In an interview with WMBF News in 2019, Judge Wilson explained, “It is because of the constitution and the law of the constitution that I am here.” She went on to say that she grew up in Walterboro, South Carolina, a small town just west of Charleston, and she has vivid memories of segregation as a child. Judge Wilson recalls, “Walking in downtown Walterboro, there was a [local] drug store, and the white kids would go there after school to get sodas and ice cream, and all we could do was just walk by. We weren’t allowed in there. And it had a profound impact on me as a child,” said Wilson. “Going through the back door of the dentist’s office, I could still remember the trees brushing up aside my face as I walked back there to go through the door to go to the separate waiting room.”

Judge Wilson’s experience as a child inspired her to focus on change when she became an adult. She said she would later grab hold of her power while attending college. “I think had I not gone to Spellman College, I would not have found my worth, and my power as a black woman, as a young black woman, and that’s where I learned that I can do anything and be anything,” stated Wilson.
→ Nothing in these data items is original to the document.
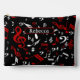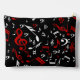Perfect gift for the music lover or musician with a design featuring a random jumbled pattern of musical notes and treble clefs in red and white on a classical black background. Easy to customise with your own text on a coordinating accent.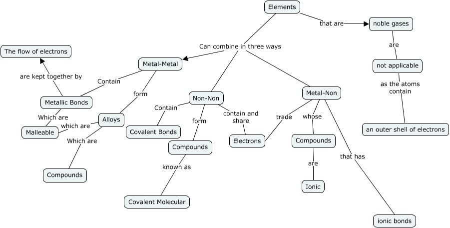 This Concept Map, created with IHMC CmapTools, has information related to: The Elemental Combinations, Elements Can combine in three ways Non-Non, Metal-Non that has ionic bonds, Metal-Metal Contain Metallic Bonds, Metal-Non trade Electrons, Alloys which are Malleable, Alloys Which are Compounds, Elements Can combine in three ways Metal-Metal, Elements that are noble gases, Metallic Bonds are kept together by The flow of electrons, noble gases are not applicable, Metallic Bonds Which are Malleable, Non-Non contain and share Electrons, not applicable as the atoms contain an outer shell of electrons, Non-Non form Compounds, Compounds known as Covalent Molecular, Metal-Metal form Alloys, Compounds are Ionic, Non-Non Contain Covalent Bonds, Elements Can combine in three ways Metal-Non, Metal-Non whose Compounds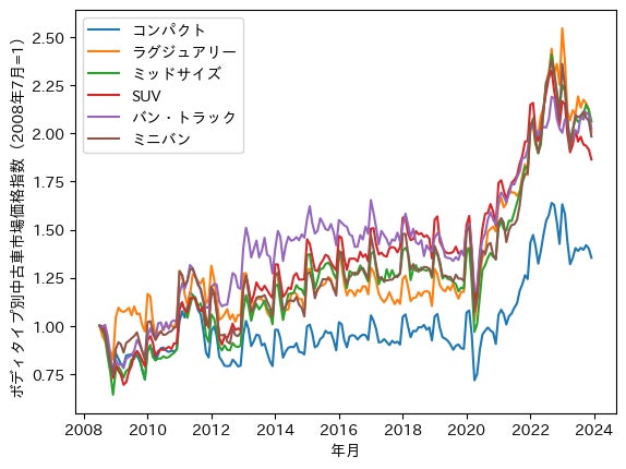 図:ボディタイプ別「中古車市場価格指数」前年同月比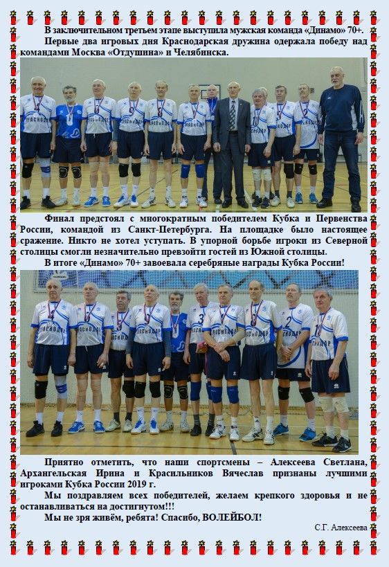 Приятно отметить, что наши спортсмены – Алексеева Светлана, Архангельская Ирина и Красильников Вячеслав признаны лучшими игроками Кубка России 2019 г.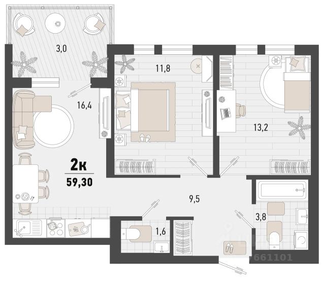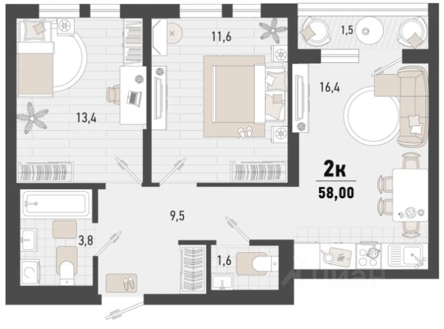 • ✅ Минимальная площадь: 58 м²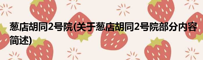 葱店胡同2号院(关于葱店胡同2号院部分内容简述)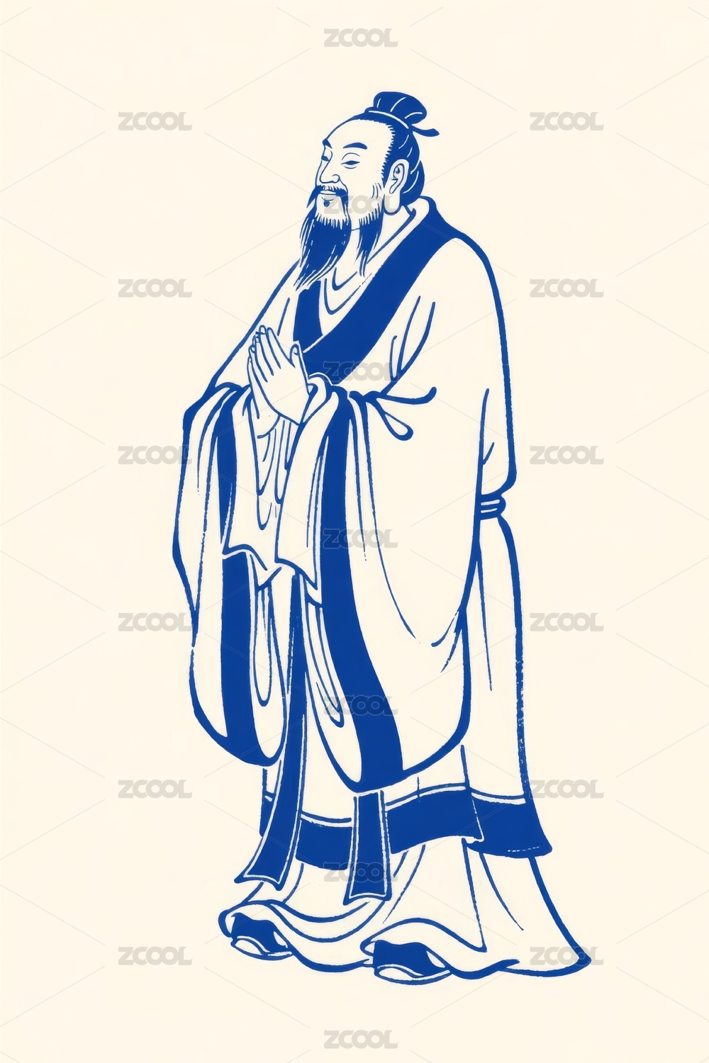 古代官员站立双手合十形象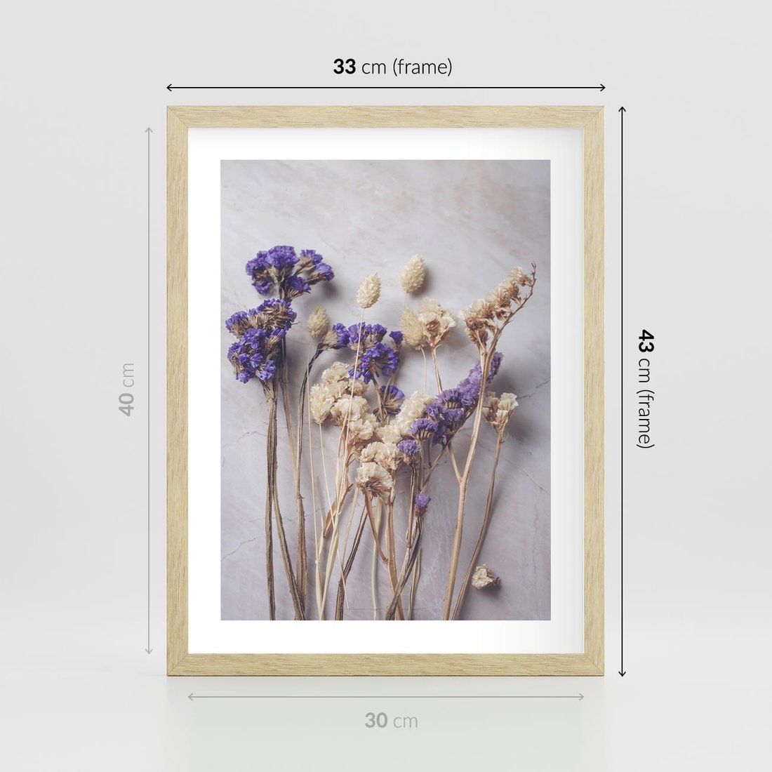 Plakat w ramie 30x40 - Błękitno-Biała Harmonia - suszone kwiaty, błekitne - rama drewno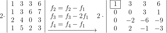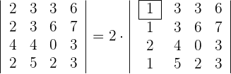 b Dividiert man die Zeile (oder die Spalte) durch eines ihrer Elemente, so muss man die Determinante mit diesem Element multiplizieren, damit sich ihr Wert nicht ändert. Das heißt, wir nehmen einen gemeinsamen Faktor in einer Zeile (oder einer Spalte) aus einem ihrer Elemente.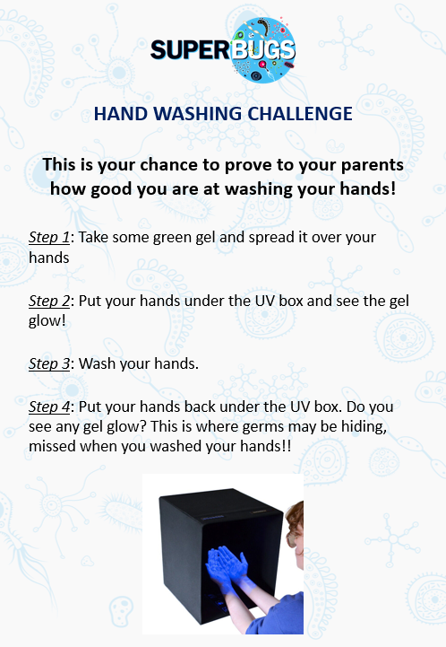 An activity to teach good hygiene - by using fluorescent gel that magically makes your hands glow in the dark.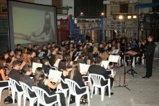 Batucada infantil al pati de les antigues escoles de Vilafamés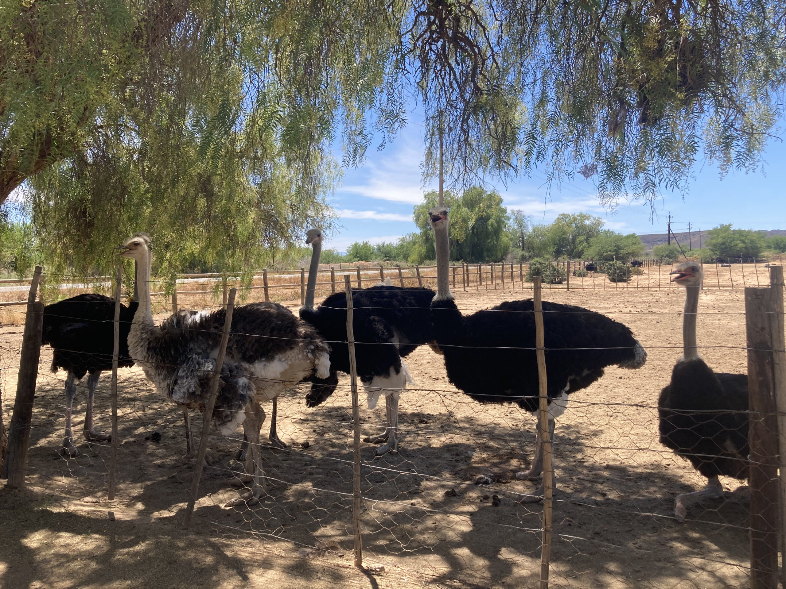 ジョージから車で1時間ほどで、オーツホーンというダチョウ農園で有名な観光地にも行くことができます。あちこちに観光用のダチョウ農園があり、餌やりや、ダチョウについて学べるツアーに参加することができます。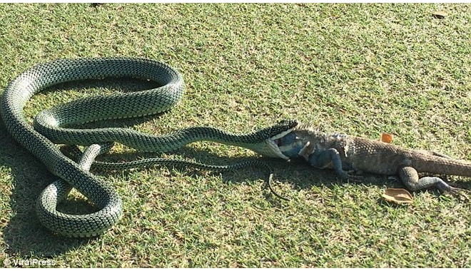 Παρά το μέγεθος του, το ιγκουάνα υπέκυψε στο φίδι.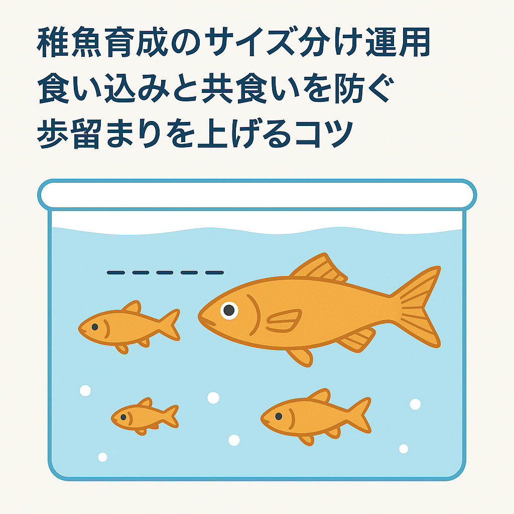 夏の管理 稚魚育成のサイズ分け運用|食い込みと共食いを防ぎ歩留まりを上げるコツ メダカ稚魚のサイズ分け運用。7〜10日ごとに小/中/大へ分け、餌をパウダー→微粒→粒に段階移行。密度と換水で共食いとロスを防止。 2025.09.06 夏の管理秋の管理飼育方法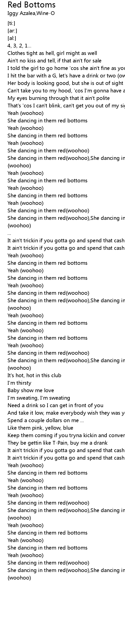 She dancing in them red(woohoo),She dancing in them red bottoms (woohoo) |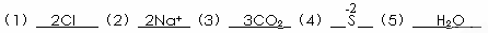 ⑴氯原子 ;⑵2個鈉離子 ;⑶3 個二氧化碳分子 ;⑷-2價的硫元素 ;⑸保持水的化學性質(zhì)的最小粒子 。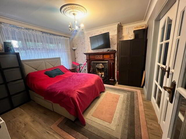 Living room 3.64x3.61m Quality laminate wooden flooring, open grate fireplace, french doors leading to dining room, cornice coving to ceilings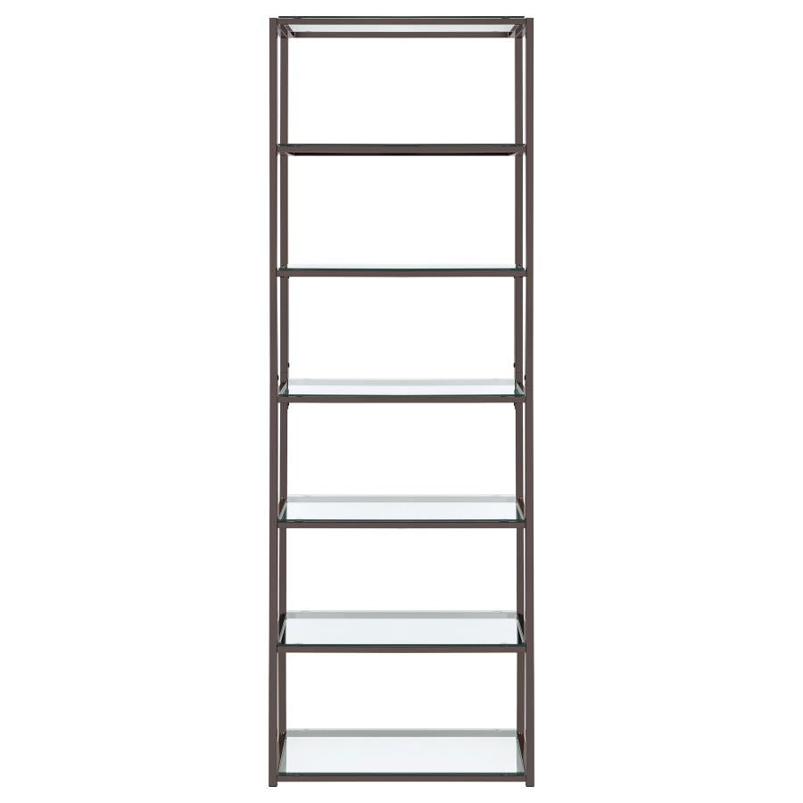 Built from steel with a black nickel finish, its frame is delightfully neutral, yet beautiful. Clear tempered glass shelving offers a gorgeous coordinating look.
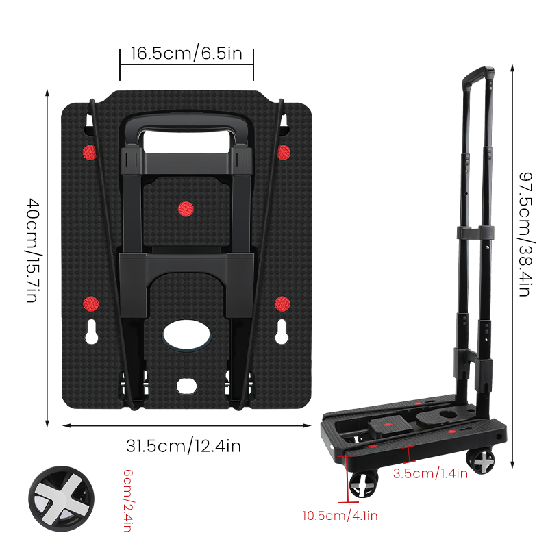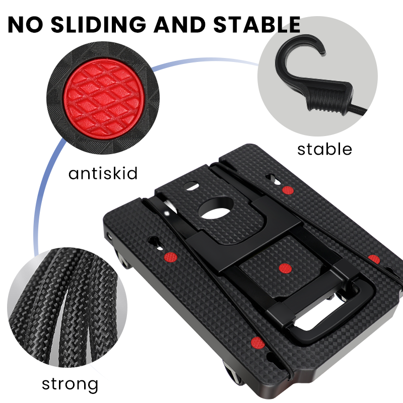 【Flat Folding Design】: This foldable dolly cart is easy to fold or unfold in a few seconds. Thanks to a unique and innovative fold-flat design, this foldable dolly cart is convenient for carrying or easy storage in a car's trunk, under a bed, in a closet, storage rooms or garages

The Dr. Martin Luther King, Jr., Drum Major for Justice Award, the Omega Psi Phi Community Service Award, and the Conway Branch NAACP Ernest A. Finney, Jr. Historic Achievement Award are among the numerous awards she has received. Some of the organizations to which she belongs are the South Carolina Bar Association, the South Carolina Black Lawyers Association, and Delta Sigma Theta Sorority, Inc., where she is a diamond life member. Judge Wilson’s church affiliation is Saint Ann’s Episcopal Church in Conway, South Carolina.

She is the proud mother of two children, Hannah and Lucken, and has one granddaughter, Angelina, and two grandsons, Felix and Huey. Judge Wilson’s other siblings are: Dr. Stephen Peters, former Superintendent of Laurens County School District in South Carolina, who is a well-known educator and guest speaker around this country, is also an author. All four of her brothers were highly adept in basketball in both high school and college. Two of her brothers, the late Clinton “Clint” Peters and Ronald “Bubbie” Peters, were graduates of Claflin University and were on the basketball team while attending there. Ronald played semi-professional basketball, and he was also a physical education teacher and a coach. Her other brother is Edward Peters, who was known as a “beast” on the court!

Prior to ending this current interview, Judge Wilson reminisced, “We recently celebrated our 50th Class Reunion. Time has really flown by, because it seems that it was only yesterday that we were walking through the halls of Walterboro High.”

Thank you, Honorable Chief Judge Wilson, for making Colleton County proud of all that you have accomplished in the field of the judiciary by “setting the bar high” for other women who have pursued / are pursuing careers in the judicial system. We proudly salute you as a “Trailblazer” for African American History Month!